On Mon, Nov 21, 2022 at 2:19 PM Michael Wu <michael@xxxxxxxxxxxxxxxxx> wrote:
>
> On 11/18/2022 7:43 PM, Wenchao Chen wrote:
> > On Fri, Nov 18, 2022 at 1:52 PM Michael Wu <michael@xxxxxxxxxxxxxxxxx> wrote:
> >>
> >> Current next_tag selection will cause a large delay in some requests and
> >> destroy the scheduling results of the block scheduling layer. Because the
> >> issued mrq tags cannot ensure that each time is sequential, especially when
> >> the IO load is heavy. In the fio performance test, we found that 4k random
> >> read data was sent to mmc_hsq to start calling request_atomic It takes
> >> nearly 200ms to process the request, while mmc_hsq has processed thousands
> >> of other requests. So we use fifo here to ensure the first in, first out
> >> feature of the request and avoid adding additional delay to the request.
> >>
> >
> > Hi Michael
> > Is the test device an eMMC?
> > Could you share the fio test command if you want?

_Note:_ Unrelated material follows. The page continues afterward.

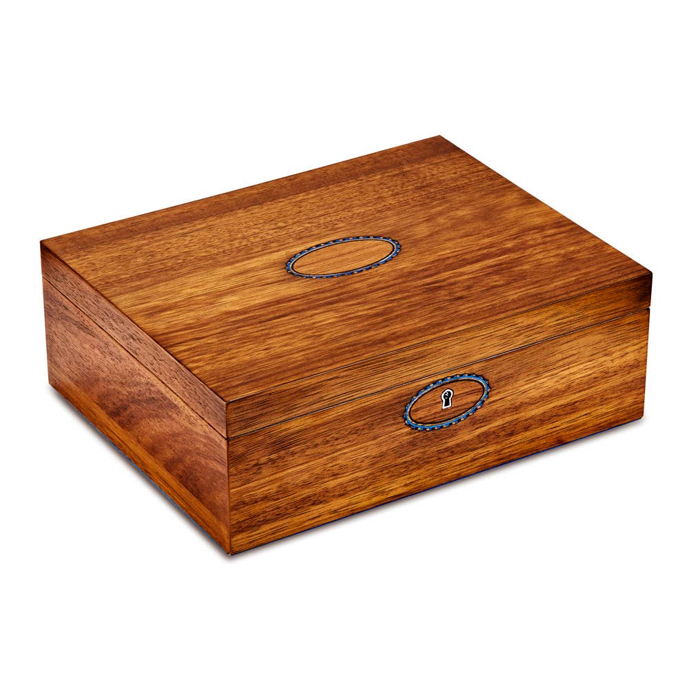 Inside the grand theatre inspired design features jewelry storage compartments with WOLF’s LusterLoc™ treated Ultrasuede lining in midnight blue. The custom scallop edged mirror is surrounded by a Swan Lake embroidered design depicting trees and a lake silhouette designed by Fiona Howard.

> > Can you provide more logs?
> >
> Hi Wenchao,
> Yes, the tested device is emmc.
> The test command we used is `./fio -name=Rand_Read_IOPS_Test
> -group_reporting -rw=random -bs=4K -numjobs=8 -directory=/data/data
> -size=1G -io_size=64M -nrfiles=1 -direct=1 -thread && rm
> /data/Rand_Read_IOPS_Test *`,  which replaces the io performance random
> read performance test of androidbench, and the file size is set to 1G, 8
> thread test configuration. Where /data uses f2fs and /data/data is a
> file encrypted path.
>
> After enabling the hsq configuration, we can clearly see from below fio
> test log that the minimum value of random reading is 3175 iops and the
> maximum value is 8554iops, and the maximum delay of io completion is
> about 200ms.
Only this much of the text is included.